To date, thousands of genetic variants have been associated with disease susceptibility. However, the clinical implications and biological mechanisms underlying these genetic associations remain largely unknown and underexploited. My research program proposes two integrated roadmaps for translating genetic associations detected across multiple diseases into new clinical applications and new actionable biology. The roadmap towards clinical application (Aim 1) focuses on developing the most accurate and transferable (across populations) genomic risk predictors for common diseases. These optimal genomic predictors will improve identification of disease subtypes and help personalise prevention and treatment. Another aim towards clinical translation includes training of clinicians to fully understand the benefit and limitations of genomic prediction technologies. The roadmap towards actionable biology has two arms. The first arm focuses on developing new statistical models with an increased ability to discover, beyond statistical associations, the causal genetic variation for common diseases (Aim 2). This step is critical for designing the future gene-editing experiments needed to firmly identify causal genes for various diseases. The second arm focuses on identifying molecular endpoints affected by disease-causing genetic variation. The latter step will leverage many publicly available genomic datasets, including a sample of 500 first-generation admixed individuals (The Australian Bridge Study; ABS) recruited as part of this program (Aim 3). The ABS will be a unique genomic resource with maximized genetic diversity for studying the effect of genetic liability to common diseases on allele-specific gene expression and other cellular phenotypes.
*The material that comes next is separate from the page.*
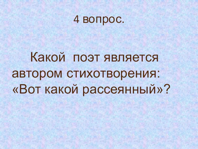 4 вопрос.    Какой поэт является  автором стихотворения: «Вот какой рассеянный»?

Altogether, my ambitious research program will develop the next generation of methods for analysing an ever-growing volume of genomic data (generated across the world), train the next generation of statistical geneticists and healthcare practitioners who will apply and deploy these methods in the clinic, and make fundamental discoveries regarding the genetic causes of inter-individual differences in disease risk and progression.

Vision

To achieve personalised healthcare by tailoring prevention, diagnostic and cure of chronic disease to each person’s unique genome. To realise this vision, three major challenges must be addressed:

  1. Transitioning from detecting disease-associated genetic variation, which is the current paradigm underlying genome-wide association studies (GWAS), towards identifying disease-causing genes
  2. Building a mechanistic understanding of what and how genes affect disease susceptibility and severity; and
  3. Creating accurate, reliable and equitable genetic risk predictors for common disease.